The odds are approximately 17.05067...% so your simulation is pretty accurate. Here are exact odds for the 6 winning rolls:

((1, 1, 1, 1, 1), Fraction(451727069, 19591041024)) ((2, 2, 2, 2, 2), Fraction(1208621087, 58773123072)) ((3, 3, 3, 3, 3), Fraction(1516264807, 58773123072)) ((4, 4, 4, 4, 4), Fraction(1693008047, 58773123072)) ((5, 5, 5, 5, 5), Fraction(17336750593, 528958107648)) ((6, 6, 6, 6, 6), Fraction(20896486973, 528958107648))

And here is the program that I used to calculate it:

import fractions

def die_roll ():
    odds = fractions.Fraction(1, 6)
    for i in range(6):
        yield (i+1, odds);

def roll_dice (n):
    if 0 == n:
        yield(tuple(), 1)
    elif  1 == n:
        for i, odds in die_roll():
            yield ((i,), odds)
    else:
        for prev_dice, odds in roll_dice(n-1):
            for i, odds2 in die_roll():
                yield (prev_dice + (i,), odds * odds2)

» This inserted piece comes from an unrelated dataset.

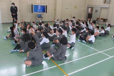 警察の方に来ていただいて、動画を見ながら標識について学んだり、実際の自転車を使って、ブレーキ・ライトなど点検する箇所や自転車の安全な乗り方を教えていただいたりしました。ヘルメットの重要性についてもお話しいただきました。児童は真剣に話をきいていました。学んだことを活かして安全に気を付けてルールを守って自転車に乗ってほしいです。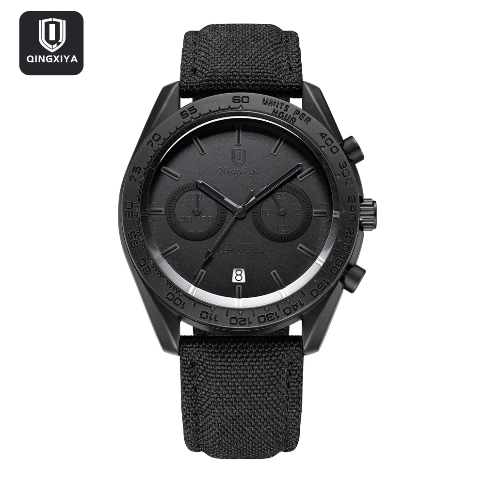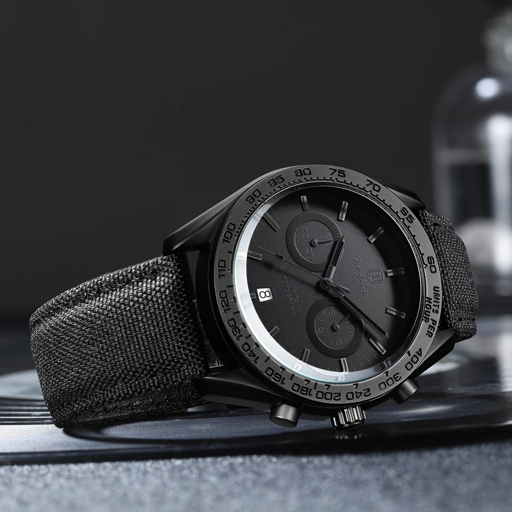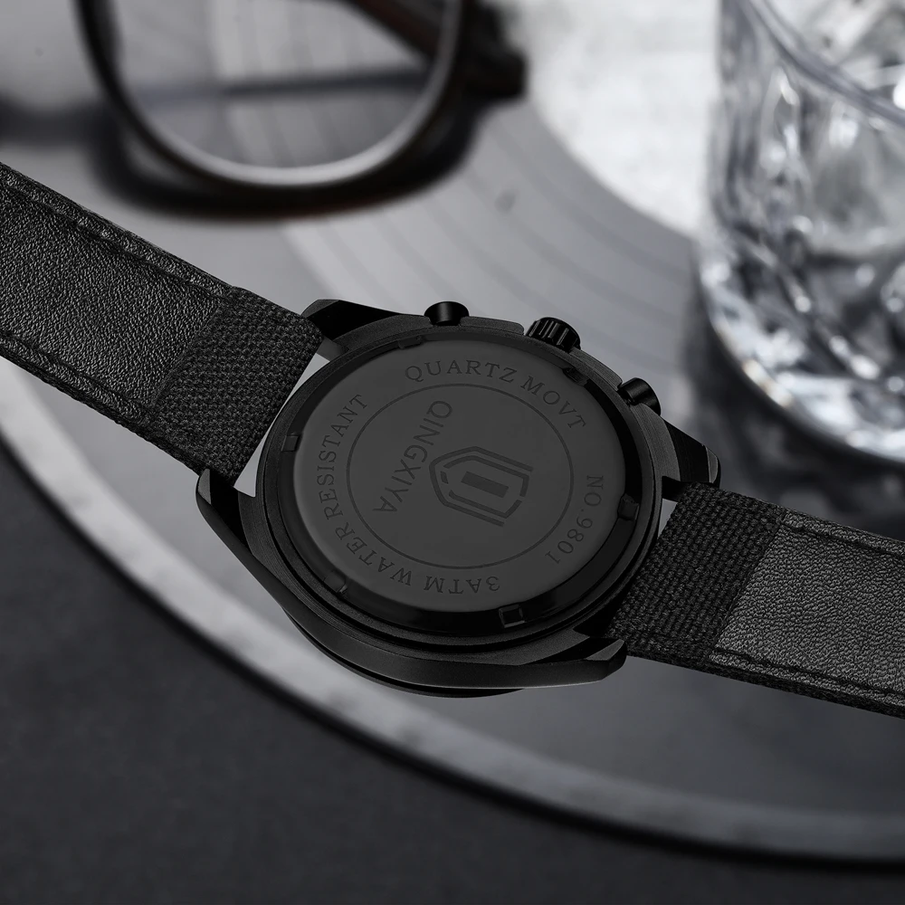 Elevate your style with this multifunctional men’s watch featuring a sleek round alloy case in matte black, with a diameter of 43mm and a thickness of 13mm. Equipped with a precise quartz movement, it showcases a stunning numberless black dial, two recessed chronograph sub-dials, and a convenient date window at 6 o’clock. The durable textured leather strap, measuring 22mm in width and 200mm in length, provides a secure fit while exuding a sporty aesthetic. With a water resistance of 3 ATM and additional functions like a complete calendar, this watch is ideal for both casual and business attire, weighing just 65g.

def roll_dice_grouped (n):
    answer = {}
    for dice_u, odds in roll_dice(n):
        dice = tuple(sorted(dice_u))
        if dice in answer:
            answer[dice] = answer[dice] + odds
        else:
            answer[dice] = odds
    return answer

def reroll_dice (dice, odds):
    saw = {1: 0, 2: 0, 3: 0, 4: 0, 5: 0, 6: 0}
    best = {'v': 0, 'c': 0}
    for d in dice:
        saw[d] = saw[d] + 1
        if best['c'] < saw[d]:
            best['c'] = saw[d]
            best['v'] = d
        elif best['c'] == saw[d] and best['c'] < d:
            best['c'] = saw[d]
            best['v'] = d
    held_dice = tuple(best['v'] for _ in range(best['c']))
    for d, odds2 in roll_dice(5 - best['c']):
        yield (d + held_dice, odds * odds2)

turns = [roll_dice_grouped(5)]
for i in range(4):
    this_turn = turns[-1]
    print ("finished turn", i+1)
    next_turn = {}
    for dice in this_turn:
        odds = this_turn[dice]
        for next_dice_u, odds2 in reroll_dice(dice, odds):
            next_dice = tuple(sorted(next_dice_u))
            if next_dice in next_turn:
                next_turn[next_dice] = next_turn[next_dice] + odds2
            else:
                next_turn[next_dice] = odds2
    turns.append(next_turn)

for i in range(6):
    dice = tuple(i+1 for _ in range(5))
    print (dice, turns[-1][dice])
2
On

It will be a fair amount of work. You need to compute the chance of going from keeping $m$ dice to keeping $n$ dice on one roll. For example, the chance of going from keeping $2$ dice to keeping $3$ dice comes from the chance you get exactly one match of your current set and from the chance all three will match but not match the current set. This is $\frac 1{216}(3\cdot 5 \cdot 5+5)=\frac {80}{216}=\frac {10}{27}$ The $3 \cdot 5 \cdot 5$ comes from the three choices of which die matches and the five choices for each of the other dice. Once you have done this you can compute the chance of keeping each number of dice at each roll. If a decimal result is acceptable you can do it in a spreadsheet, but it will not be exact. For an exact answer you need to keep the fractions. Note that rolling four dice is just like rolling all five, so you can save that much work.